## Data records

····················

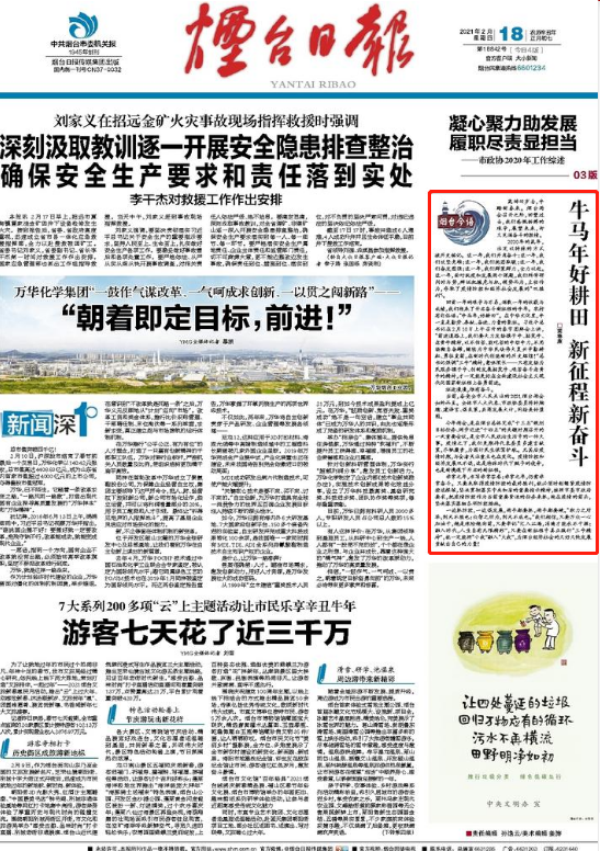 煙臺日報“煙臺今語”欄目刊發署名姜春康的評論《牛馬年好耕田 新征程新奮斗》。
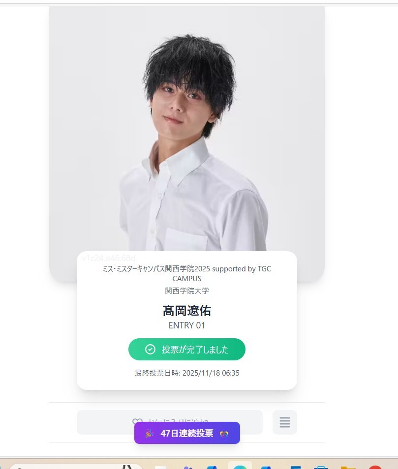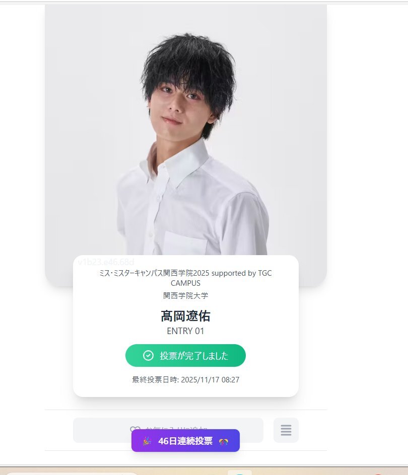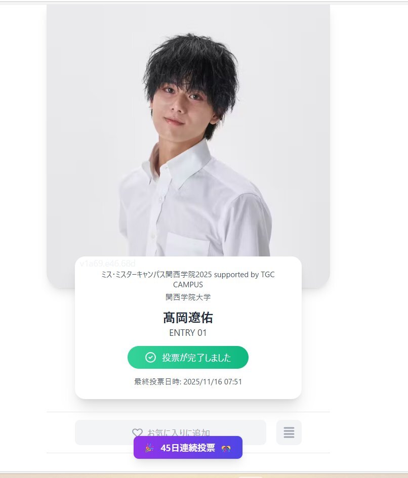 おはようございます😊 今日もよろしくお願いします🙇 ミス・ミスターキャンパス関西学院2025 supported by TGC CAMPUS #髙岡遼佑 さんへの #1日1回の無料投票 で応援 〜引用元ポストに #投票所 あります~ 投票しました(11月17日、46日連続)💻 pic.x.com/UYnjb4K5Yt x.com/mckg25_mr1/sta…
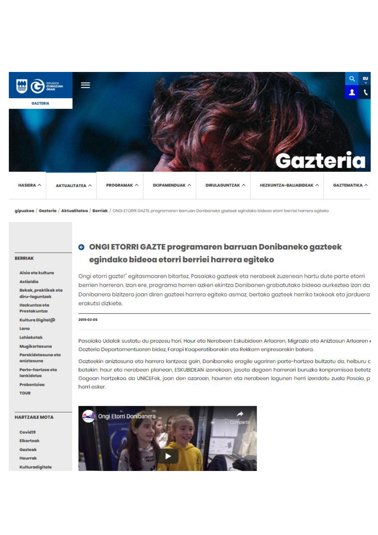 Vídeo realizado por jóvenes de Donibane para acoger a jóvenes recién llegadas/os dentro del Programa ONGI ETORRI GAZTE -DIPUTACION-Ikusi
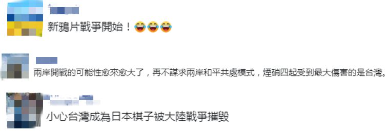 也有网友担心,“新鸦片战争开始!”“两岸开战的可能性愈来愈大了,再不谋求两岸和平共处模式,烟硝四起受到最大伤害的是台湾。”“小心台湾成为日本棋子被大陆战争摧毁。”
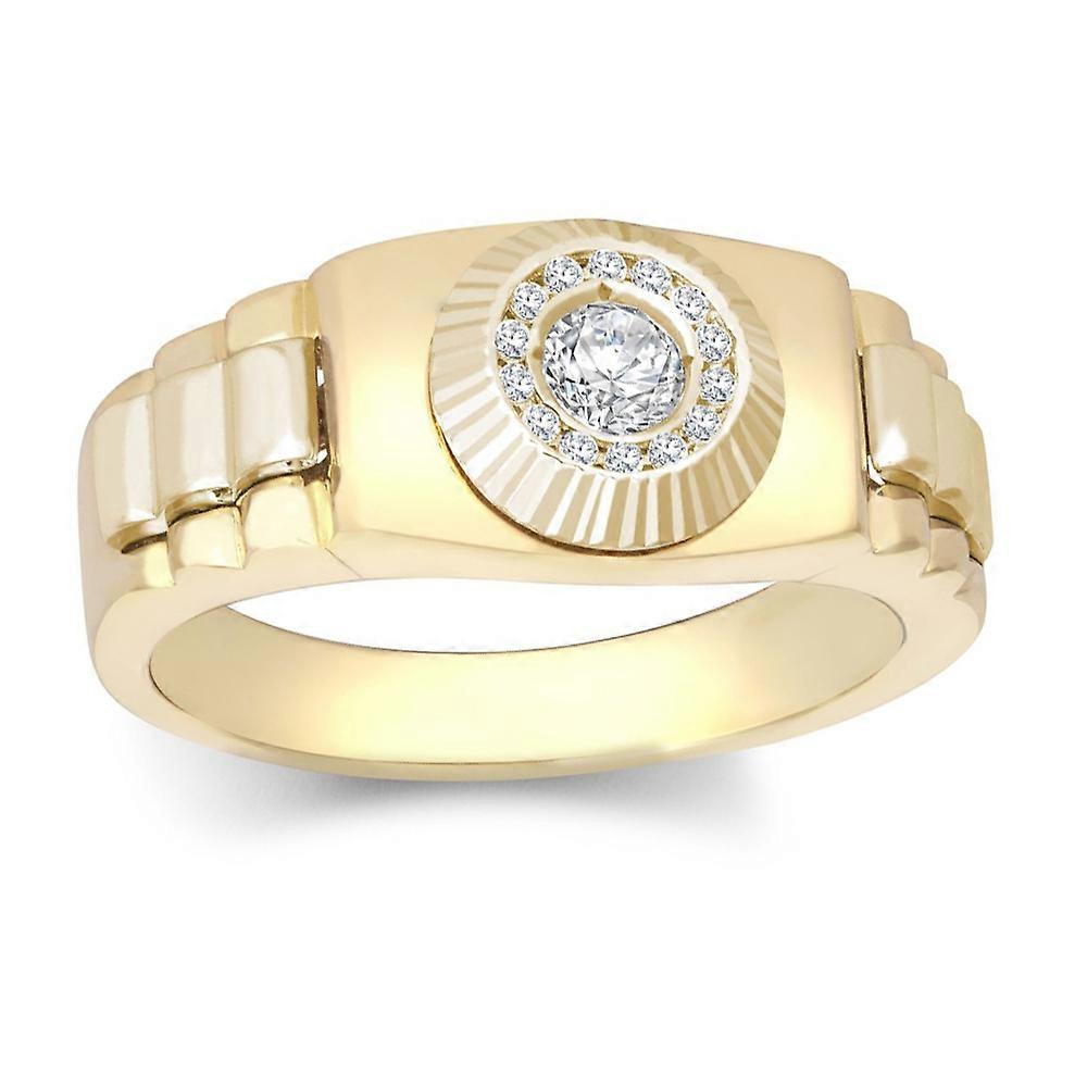 Jewelco London Unisex 9ct Gold White Cubic Zirconia Fluted Sunburst Bezel Watch Strap Cluster Solitaire Ring
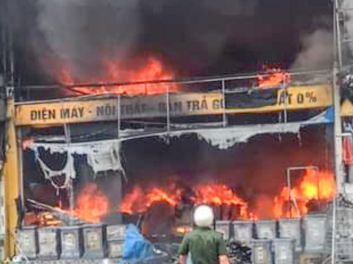Tại hiện trường, ngọn lửa và khói đen bùng lên dữ dội. Các thiết bị điện tử trong siêu thị hư hỏng nặng.
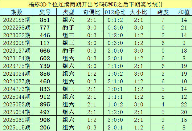 个位号码:最近两期个位开出号码为5-5,在福彩3D历史开奖中,前后两期个位分辨开出号码5-5的奖号出现了94次。最近15期个位5-5组合出现之后,其下期奖号分辨为:851-777-446-117-666-602-739-856-460-833-912-895-497-906-206;

····················

## WHAT THIS TASK INVOLVES
Please copy exactly, and only, the lines from the one that contains "Jewelco London Unisex" through the last line of the data above, omitting all pictures.

## RESULT OF THE EXERCISE
 Jewelco London Unisex 9ct Gold White Cubic Zirconia Fluted Sunburst Bezel Watch Strap Cluster Solitaire Ring
Tại hiện trường, ngọn lửa và khói đen bùng lên dữ dội. Các thiết bị điện tử trong siêu thị hư hỏng nặng.
 个位号码:最近两期个位开出号码为5-5,在福彩3D历史开奖中,前后两期个位分辨开出号码5-5的奖号出现了94次。最近15期个位5-5组合出现之后,其下期奖号分辨为:851-777-446-117-666-602-739-856-460-833-912-895-497-906-206;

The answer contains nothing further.